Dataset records
::::
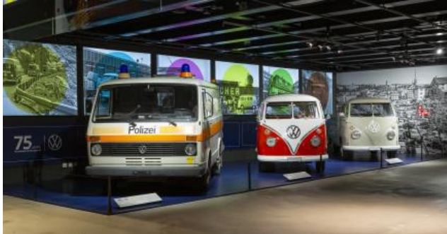
Der VW Bus der ersten Generation als Pritschenwagen und aufwendig restaurierter Samba-Bus neben einem T3 Einsatzwagen der Polizei.

Sei es als aufwendig restaurierter Samba und Pritschenwagen oder als vom
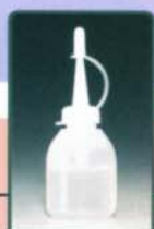
モータ部・ハンマ部兼用オイル
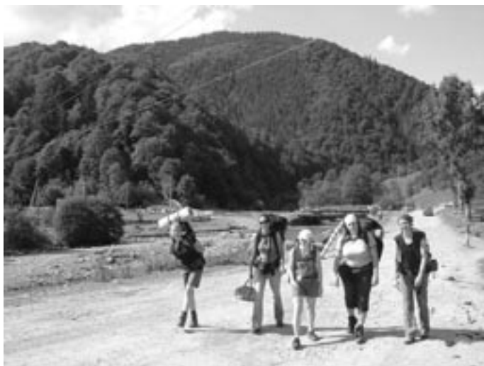
V kraji Nikoly Šuhaje loupežníka

Ve středu nás překvapil déšť. Dopoledne jsme si tedy vymysleli alternativní program – pořádně vygrun-
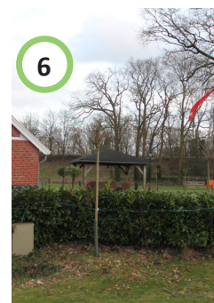
Bestaand prieeltje verwijderen.
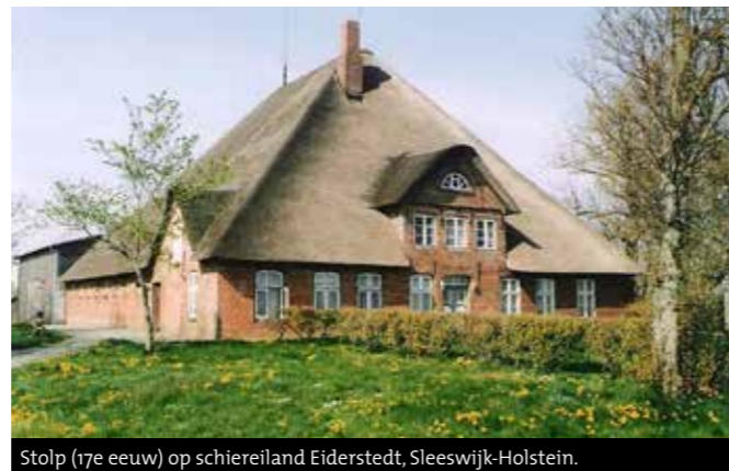
Stolp (17e eeuw) op schiereiland Eiderstedt, Sleeswijk-Holstein.
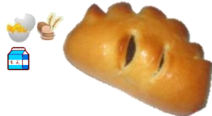
チョコパン 1個 120円 昔ながらのチョコパン
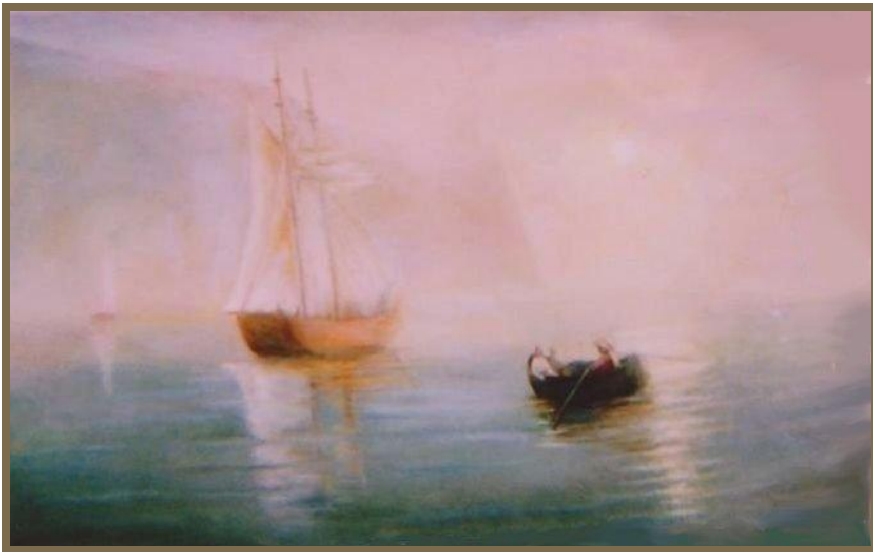
Айвазовский. «Аю – Даг в туманный день».
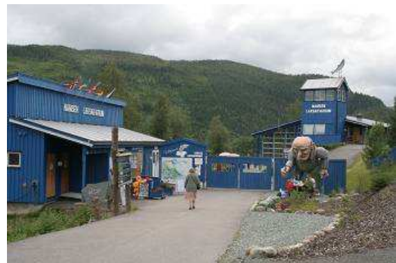
Eingang zum „Namsen Laksakvarium“

Unser Tagesziel ist eigentlich Trondheim, einen Zwischenstopp legen wir am Fluss Namsen ein. Hier gibt es eine sehr schön gestaltete Ausstellung über die Nutzung der Wasserkraft in Norwegen, über den Fischfang, speziell das Angeln von Lachsen, die Herstellung und Entwicklung von Angelruten, Blinkern und Haken, ein Lachsaquarium und natürlich eine Lachstreppe mit Fenstern zur Beobachtung der leckern Tiere.
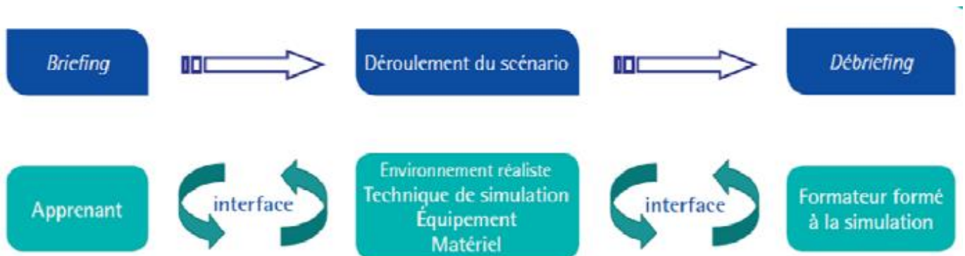
Figure 3 : Les étapes d'une séance de simulation (11)

Chaque séance de simulation est construite en trois temps : briefing, déroulement du scénario, débriefing.
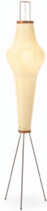
Akari 14A 1580 x 510 x 510 mm Art. 201 531 01
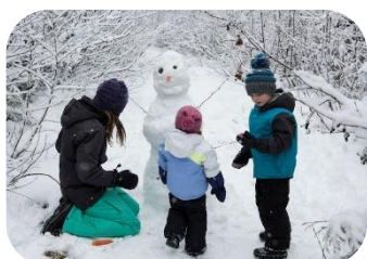
Jouer avec les enfants
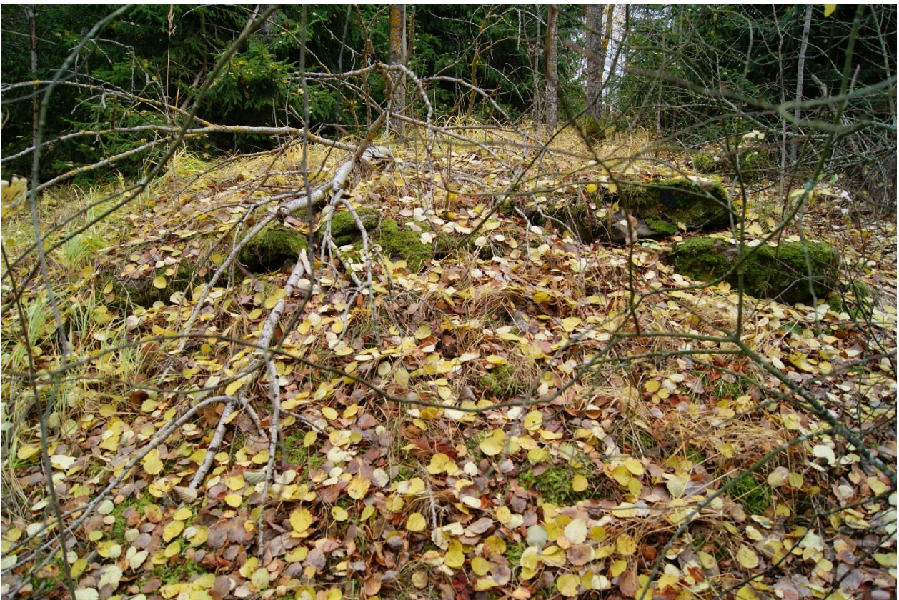
Kuva 4. Kohde Soukko 1. Kivisiä rakenteita paikalla sijainneesta rakennuksesta. Kuvattu koillisesta.
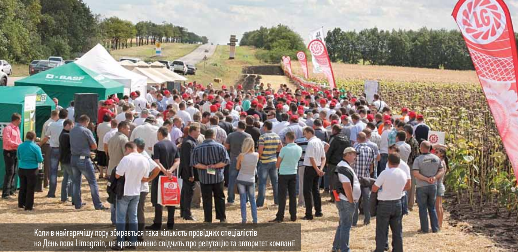
Коли в найгарячішу пору збирається така кількість провідних спеціалістів на День поля Limagrain, це красномовно свідчить про репутацію та авторитет компанії
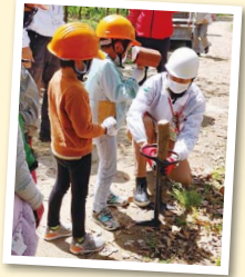
木の名札 「樹木板」を作ったよ
::::
> [Instructions for the task]:
Taking each record in turn, retype it exactly and drop any picture.

> [Expected answer]:
Der VW Bus der ersten Generation als Pritschenwagen und aufwendig restaurierter Samba-Bus neben einem T3 Einsatzwagen der Polizei.

Sei es als aufwendig restaurierter Samba und Pritschenwagen oder als vom
モータ部・ハンマ部兼用オイル
V kraji Nikoly Šuhaje loupežníka

Ve středu nás překvapil déšť. Dopoledne jsme si tedy vymysleli alternativní program – pořádně vygrun-
Bestaand prieeltje verwijderen.
Stolp (17e eeuw) op schiereiland Eiderstedt, Sleeswijk-Holstein.
チョコパン 1個 120円 昔ながらのチョコパン
Айвазовский. «Аю – Даг в туманный день».
Eingang zum „Namsen Laksakvarium“

Unser Tagesziel ist eigentlich Trondheim, einen Zwischenstopp legen wir am Fluss Namsen ein. Hier gibt es eine sehr schön gestaltete Ausstellung über die Nutzung der Wasserkraft in Norwegen, über den Fischfang, speziell das Angeln von Lachsen, die Herstellung und Entwicklung von Angelruten, Blinkern und Haken, ein Lachsaquarium und natürlich eine Lachstreppe mit Fenstern zur Beobachtung der leckern Tiere.
Figure 3 : Les étapes d'une séance de simulation (11)

Chaque séance de simulation est construite en trois temps : briefing, déroulement du scénario, débriefing.
Akari 14A 1580 x 510 x 510 mm Art. 201 531 01
Jouer avec les enfants
Kuva 4. Kohde Soukko 1. Kivisiä rakenteita paikalla sijainneesta rakennuksesta. Kuvattu koillisesta.
Коли в найгарячішу пору збирається така кількість провідних спеціалістів на День поля Limagrain, це красномовно свідчить про репутацію та авторитет компанії
木の名札 「樹木板」を作ったよ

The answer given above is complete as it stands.